I had to be more careful, much more careful, if I could allow myself to be with her. Avoiding eye contact, however, would not be effortless, or even simple, for me. Her eyes were my best passage to understanding her because it was the most straightforward, easiest path to understanding her emotions. To take that away would make everything so much harder.

I'd just have to tread the fine line between harmony and disaster carefully...

~*~

I heard Seraph enter Xavier's bedroom, which was across the hall from mine, and exhaled heavily. How had it gotten from me pushing Xavier away to him pushing me away? I didn't know how he felt about me, but if he returned my feelings, I could sympathize. The close proximity of our faces, maybe even breathing the same air...! The very thought made me dizzy-with joy? Or was it fear? I couldn't decide, couldn't distinguish the emotion that roiled inside my chest.

I closed my eyes, leaning against the pillows of my bed, trying to relax. It would be okay between us. We were still okay. Just a spot of awkwardness...it was all right...

"WHAT!?"

I literally jumped at the explosion of Xavier's voice, raw with shock and anger. Seraph's followed, trying to pacify his lord, but his low tone was too agitated and fast to calm. I wanted to go to Xavier, try to placate him, but that probably wouldn't be so smart. I hesitated, lingering between going and staying. If I did, what would happen? If I didn't, I'd be safe, but I wanted to be with him...
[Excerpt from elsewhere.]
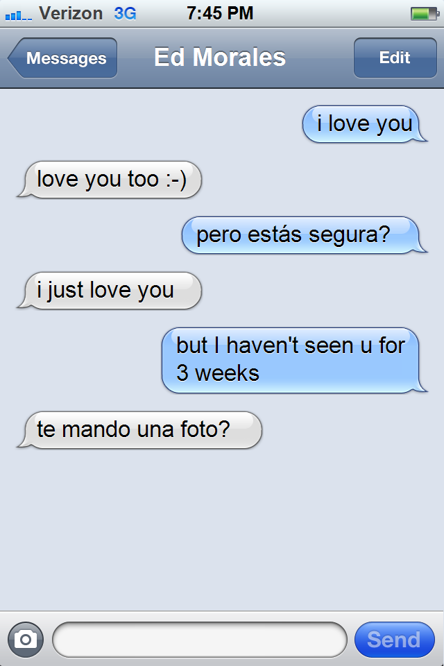 Edward-Snowden Ahora que Edward Snowden consiguió el asilo político en la rusia, me imagino que tendría la oportunidad de encontrar un lugar relativamente afuera del sistema de vigilancia perpetua y estar solo con sus pensamientos. Imagínate lo lindo de ese estado–chévere, no? Estarías libre de pensar en el último encuentro con un amante, crear una obra de arte, planear los próximos pasos de tu vida, o simplemente dejar que tu mente se queda en blanco. Lamentablemente, este momento casi sagrado se ha convertido en uno de los últimos espacios de privacidad que nos queda. Porque, debido a como ha aumentado nuestra vida en linea (o en smartphone), y una concurrente reducción del tiempo que pasamos cara a cara con otro ser humano, un porcentaje cada más grande de nuestros pensamientos ahora son fácilmente accesible como información digital. Ed Morales text message¿No era Karl Marx que dijo una vez que eventualmente todo que consideramos sólido–naciones, instituciones como la prensa, el propio mecanismo de producción, se iba a derretir en el aire? Pero hoy día, el reverso está pasando con nuestros pensamientos. Se están concretizando voluminosamente , y si tienes un archivo y una compu, nunca serán destruidos. Siglo y pico después de Marx, Foucault implicó que las confesiones de prácticas sexuales en los siglos antes del modernismo fueron claves en formar la esencia de la “verdad.” Ahora el internet, la pornografía–confesiones de prácticas sexuales–domina a casi todo, entonces se puede imaginar que la verdad ahora se forma de confesiones de lo que quisieras comprar, las vacaciones con la familia, y quizás unas opiniones sobre la política quizás sospechosos. Y también cualquier pensamiento que no tiene que ver con el sexo.

I got up to go see him, giving in. I couldn't really stay away from him, especially when he was only a few feet away. Right before I was about to open the door, it flew open, and before I could react, I felt someone's arms tightening around me protectively. "I won't let them take you away from me," a voice hissed near my right ear.

"Xavier?" I asked, trying not to panic, as I wound my arms around his body. "What's wrong?"

He trembled underneath my fingertips. "They're trying to find you. The other slayers. I won't let them! I won't let them lay a finger on you!"

"It's okay, Xavier, it's okay!" I claimed recklessly. "They won't get me. I'll stay with you, I won't leave, I swear."

"Princess," he moaned.

"Don't be afraid, Xavier, it's fine. You're strong. You can keep them away."

"My Lord, I assure you we will do everything we can to prevent them from finding Alexis," I heard Seraph say from the doorway, but Xavier refused to be comforted.

"I won't let them," he muttered again and again. "I won't lose you."

"I won't leave you, it's all right, Xavier," I murmured back. I wanted to cry at the idea of leaving him. I hadn't realized how quickly it'd taken him to mean so much to me. He'd provided so much for me, maybe even an ersatz family. I was happy with him, and I didn't want our time together to end.

He pulled away to look me directly in the eye. "I'll protect you-us. We won't be separated, Alexis. I-" He abruptly stopped talking.

"I know," I whispered. "I believe in you."

He pulled me close again, cradling my head against his chest, and I bit my lip against the tears. What if this was the beginning of the end? What if he couldn't save us? What if we did get split apart?

I scolded myself internally. I had to believe in him, believe he would keep us together. And I would help. Maybe together, it'd be enough to deal with anything that tried to pull us apart.

Something suddenly occurred to me. "How did you know they were after me?" I asked.

Seraph answered from the doorway, "One of the lookouts glimpsed the slayers searching the city. One of them carried a sword that looked just like Laktnoz."

I felt my mouth drop in an 'o' of surprise, going rigid as things began to come together in my mind. That sword was Laktnoz's counterpart, Sertnoz, and there was only one person who wielded it.

The prince and heir of the second strongest slayer line, Solomon-Cailler. He was only eighteen, but he was almost just as good as me, and his record was just as impressive.

If they had Cai out searching for me, things were bad. Very bad.